Medicine and Health
Integrative machine learning approaches for predicting disease risk using multi-omics data from the UK Biobank
O. Aguilar, C. Chang, et al.
Explore how Oscar Aguilar, Cheng Chang, Elsa Bismuth, and Manuel A Rivas harness machine learning to analyze multi-omics data from the UK Biobank, unveiling enhanced disease risk prediction for 22 conditions. Discover the surprising impact of integrating diverse biological data.
~3 min • Beginner • English
Introduction
Chronic diseases are leading causes of mortality and morbidity in the United States. While many efforts have focused on predicting chronic disease risks using genomics, lifestyle, nutrition, and demographics, their relative performance for risk assessment remains unclear. This study trains disease risk prediction models using four data types—demographics, genomics, metabolomics, and clinical biomarkers—to assess their contributions to prediction. Demographic (e.g., age, sex) and biomarker (e.g., glucose, cholesterol) data are standard in clinical diagnosis; genetic data capture heritable disease risk; metabolomics may add predictive value beyond clinical and demographic predictors. Prior work has often used singular data types, overlooking complex multi-factor interactions. Recent studies show individually using metabolomics, demographics, and genomics can predict age-related diseases and mortality, suggesting machine learning can leverage high-throughput, multi-omics data to capture non-linear relationships and enable integrative fusion approaches.
Literature Review
The paper situates its work within prior research demonstrating: (1) the clinical utility of curated blood and urine biomarkers in the UK Biobank (Sinnott-Armstrong et al.) and the development of PRS for numerous traits; (2) the heritable basis of many diseases and the use of genomics for risk prediction; (3) the promise of metabolomic profiles for predicting multiple disease outcomes; and (4) multi-omics machine learning methodologies and fusion strategies.
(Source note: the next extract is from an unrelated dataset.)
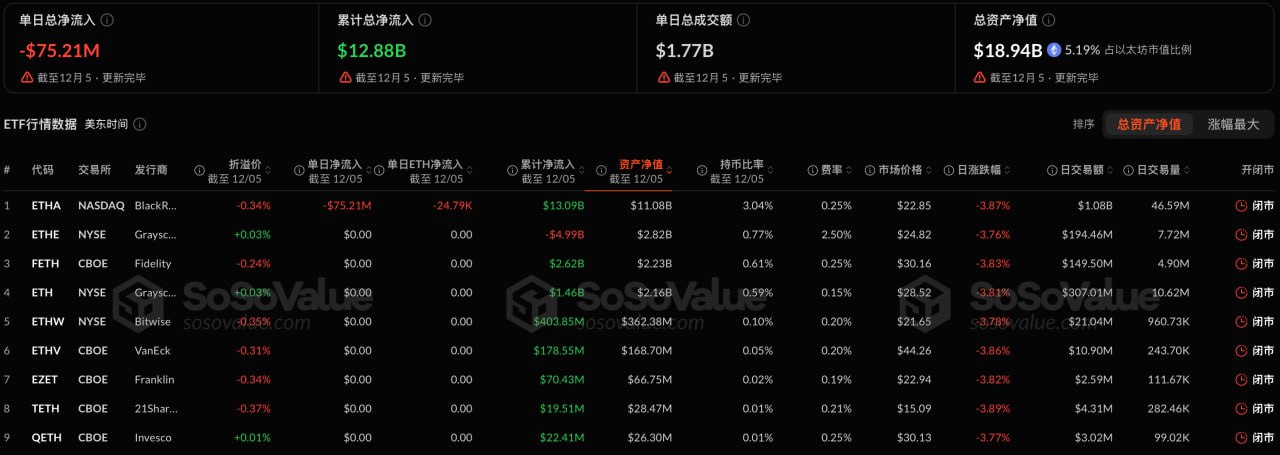 PANews reported on December 6 that, according to SoSoValue data, the Ethereum spot ETF saw a net outflow of $75.2065 million yesterday (December 5, Eastern Time).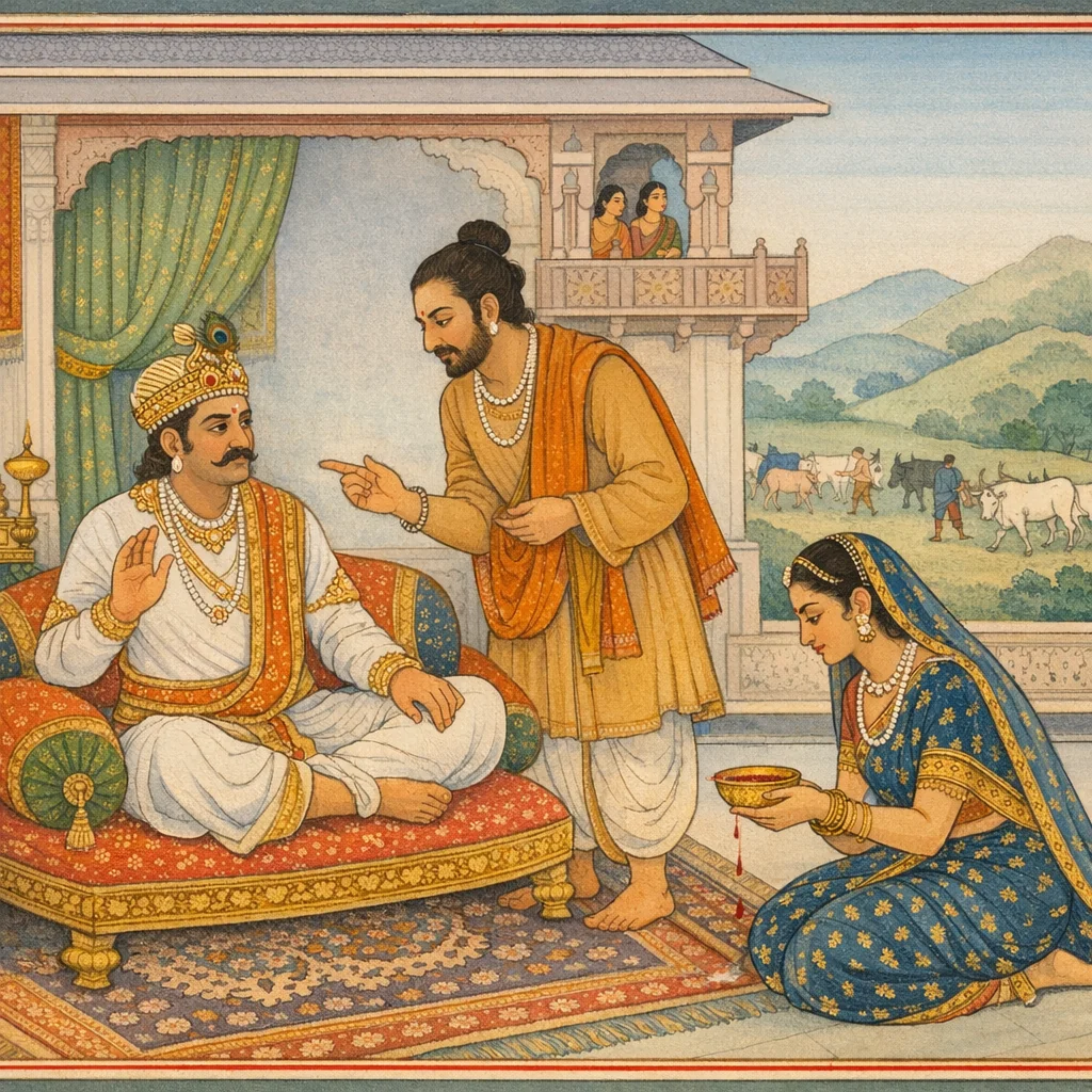 Chapter Arc: त्रिगर्तों को पराजित कर और समस्त गोधन छुड़ाकर उत्तर (अर्जुन-सह-उत्तर) विजयी वैराटनगर लौटता है; नगर में जय-ध्वनि है, पर राजसभा के भीतर विराट के मन में उत्तर के विषय में गहरी चिन्ता और उत्सुकता उमड़ती है। → विराट सिंहासनारूढ़ होकर सभासदों से घिरते हैं; युधिष्ठिर (कंक) से पाण्डवों के विषय में प्रश्न उठते हैं—क्या उसने युधिष्ठिर को देखा/सुना है, और वे भ्राताओं सहित कहाँ हैं? इसी बीच कीचक-वध के बाद की दबी हुई आशंका और द्रौपदी (सैरन्ध्री) पर हुए अपमान की स्मृति भी वातावरण को तना रखती है; द्रौपदी की चोट (नाक से रक्त) का प्रसंग संकेत देता है कि यह विजय केवल बाहरी नहीं, भीतर की आग भी है। → युधिष्ठिर विराट को निर्णायक आश्वासन देता है—जिस रथ का सारथी बृहन्नला हो, उसकी विजय ध्रुव है; वह बृहन्नला को इन्द्र के मातलि और कृष्ण के सारथ्य के समकक्ष ठहराकर उत्तर की विजय का रहस्य-गौरव स्थापित करता है। → विराट का भय और संशय शान्त होता है; उत्तर की प्रशंसा, गोधन-वापसी का उत्सव, और राजसभा में पाण्डवों के प्रति आदर का भाव दृढ़ होता है—यद्यपि उनके वास्तविक परिचय का आवरण अभी बना रहता है। → विराट के मन में पाण्डवों को पहचानने/सम्मानित करने की चाह और राजकीय निर्णय की दिशा बनती है—पर यह रहस्य कब और कैसे खुलेगा, यही अगला तनाव बनकर रह जाता है।

It references the Global Biobank Engine as a platform for disseminating biobank-derived summary statistics and highlights cooperative learning as a potential multiview integration approach for future fusion of omics datasets.
Methodology
Data: Four datasets from UK Biobank were used: demographics (age, sex, BMI), genomics (polygenic risk scores per disease computed without demographic features using BASIL from prior work), clinical biomarkers (35 curated blood and urine biomarkers), and metabolomics (249 blood metabolites available for 87,465 White-British individuals). The main modeling dataset comprised 87,465 White-British individuals with multi-omics data; an additional 29,089 non-White British individuals were used to develop PRS incorporation strategies without touching the held-out test set. Twenty-two diseases were included for binary prediction; multiple diseases with incident age-of-onset were used for survival analysis.
Binary classification: Models trained to predict disease onset/diagnosis within 13 years post data collection using combined feature spaces. Classifiers: ADA Boost, XGBoost (tree-based ensembles), Lasso logistic regression (L1), and a Multi-Layer Perceptron (2 hidden layers). Hyperparameter tuning used a predefined 70/10/20 train/validation/test split of White-British individuals (consistent with PRS development) and a 1-fold CV with a fixed train-validation split. Ensembles varied estimators from 5 to 200 (most selected ~10). Linear models varied regularization strength logarithmically from 1e-4 to 1e4, using LogisticRegressionCV with warm-start along regularization paths; preprocessing included standard scaling. MLP explored 2 hidden layers with 5–50 nodes each. Feature importance was assessed using Yellowbrick for ensembles and via coefficients for linear models. Performance was evaluated by ROC-AUC on held-out test sets. To quantify contributions of data types, Lasso models were trained on subsets: demographics; +genomics; +biomarkers; +metabolomics; and all (multi-omics). Pairwise improvements in AUC were tested using permutation tests on paired ROC curves to derive p-values (Table A2).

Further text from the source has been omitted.